(DIRECTIONS):
Could you retype exactly the line containing "Phong độ gần" and every line after it in the data below, leaving out the pictures?

(ENTRIES PROVIDED):
★ ★ ★

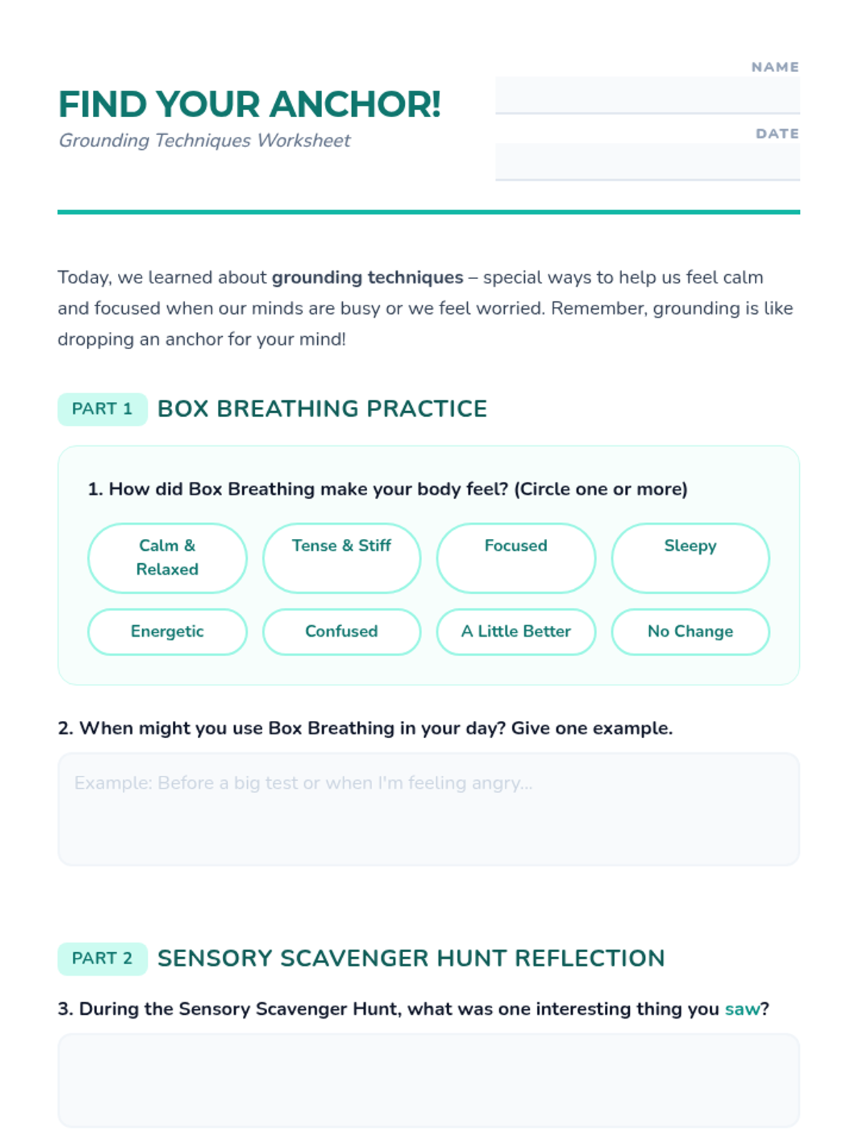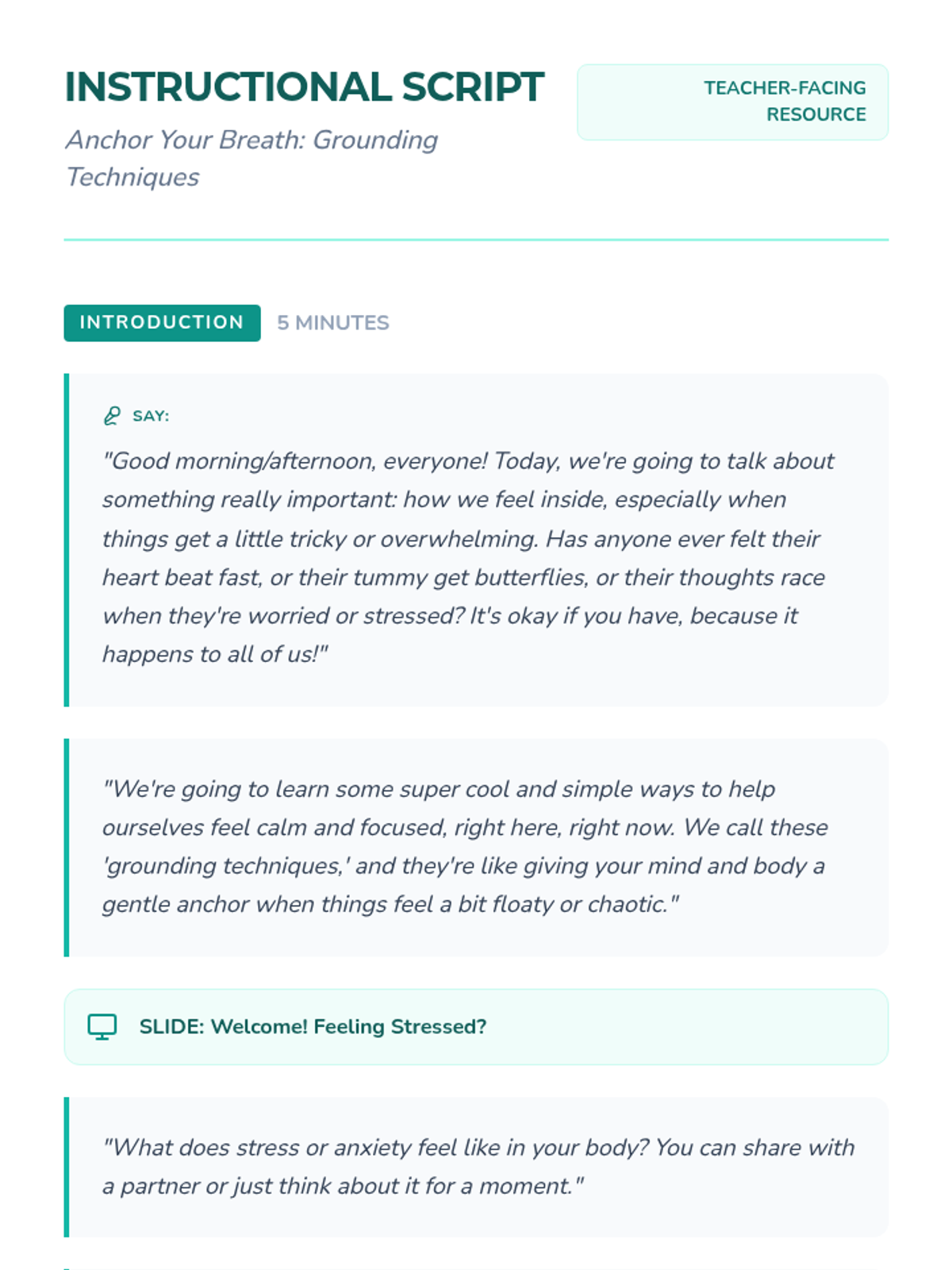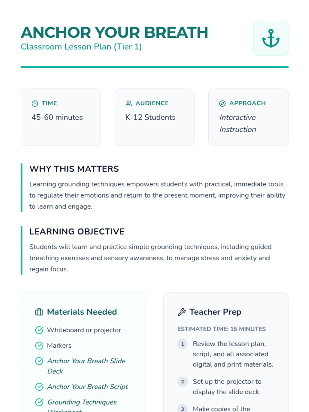 A single-session lesson for K-12 students focusing on accessible grounding techniques like box breathing and sensory awareness to manage stress and anxiety.
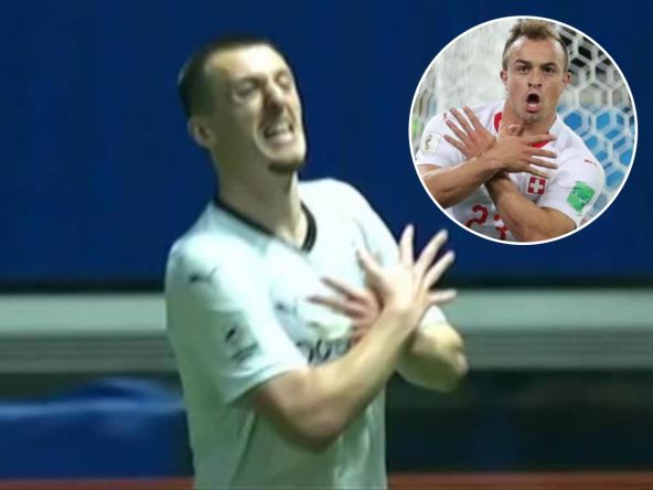 On je na svom debiju u azijskoj Ligi šampiona zatresao mrežu i potom pogodak proslavio onako kako su Džaka i Šaćiri to učinili protiv Srbije na Svetskom prvenstvu 2018. - pokazao je simbol "velike Albanije", sa ukrštenim rukama aludirajući na njihovog dvoglavog orla.
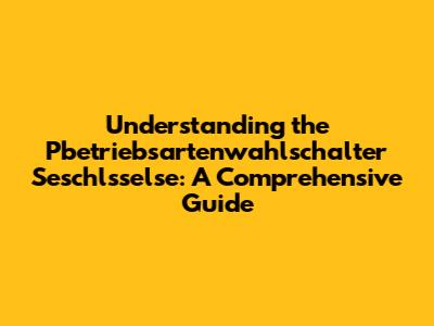 Understanding The Pbetriebsartenwahlschalter Seschlsselse: A Comprehensive Guide
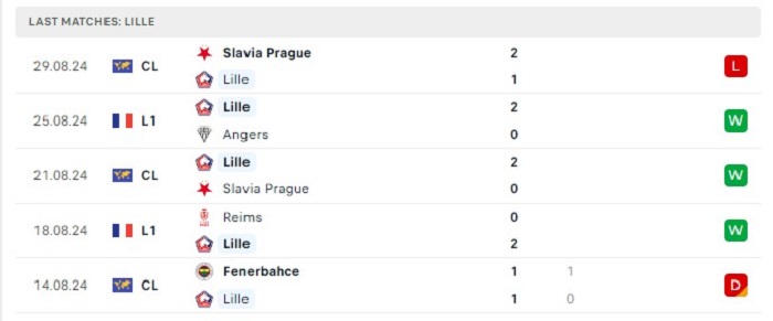 Phong độ gần đây Lille vs Paris Saint Germain
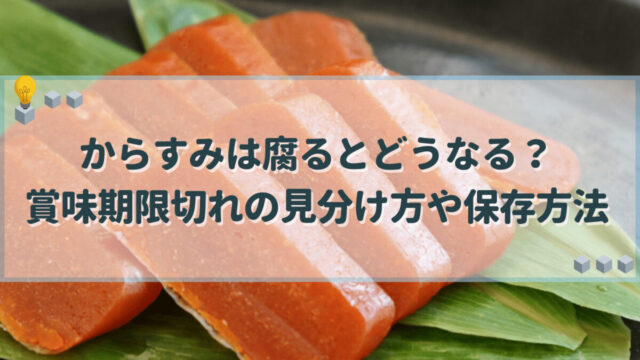 料理・食材 からすみは腐るとどうなる?賞味期限切れの見分け方や保存方法 からすみにふわふわのカビが生えたり嫌な臭いがしたりする場合腐っていると考えられますが、全体に黒くなったり表面が白い場合は食べられる可能性があります。からすみを食べられるか判断できるように、腐るとどうなるかや賞味期限・保存方法を解説します。 料理・食材
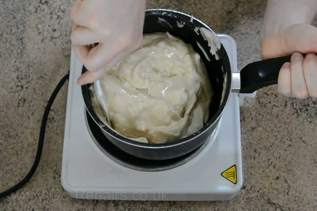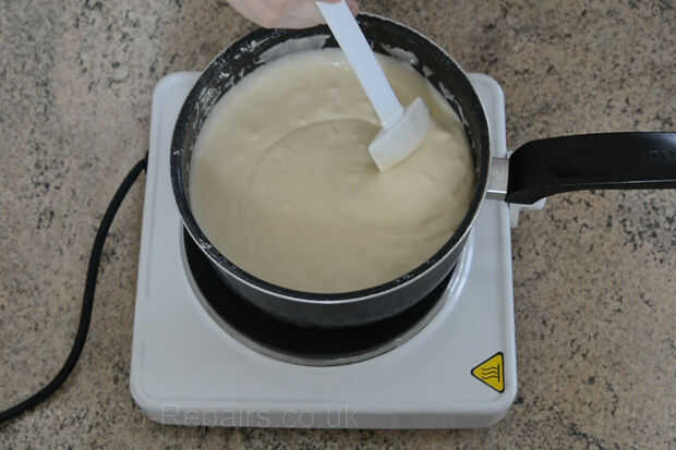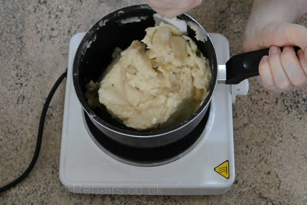 Una vez que tengas una mezcla suave encender la calefacción y una temperatura baja. Continuar revolviendo, tu mezcla está lista cuando todo viene de los lados de la cacerola en un bulto grande. Si está pegajosa al tacto entonces dejarlo en unos minutos más. Cuando esté listo usted necesita tomar fuera del calor y deje que se enfríe.

★ ★ ★

(OUTPUT FOR THIS EXERCISE):
 Phong độ gần đây Lille vs Paris Saint Germain
 料理・食材 からすみは腐るとどうなる?賞味期限切れの見分け方や保存方法 からすみにふわふわのカビが生えたり嫌な臭いがしたりする場合腐っていると考えられますが、全体に黒くなったり表面が白い場合は食べられる可能性があります。からすみを食べられるか判断できるように、腐るとどうなるかや賞味期限・保存方法を解説します。 料理・食材
 Una vez que tengas una mezcla suave encender la calefacción y una temperatura baja. Continuar revolviendo, tu mezcla está lista cuando todo viene de los lados de la cacerola en un bulto grande. Si está pegajosa al tacto entonces dejarlo en unos minutos más. Cuando esté listo usted necesita tomar fuera del calor y deje que se enfríe.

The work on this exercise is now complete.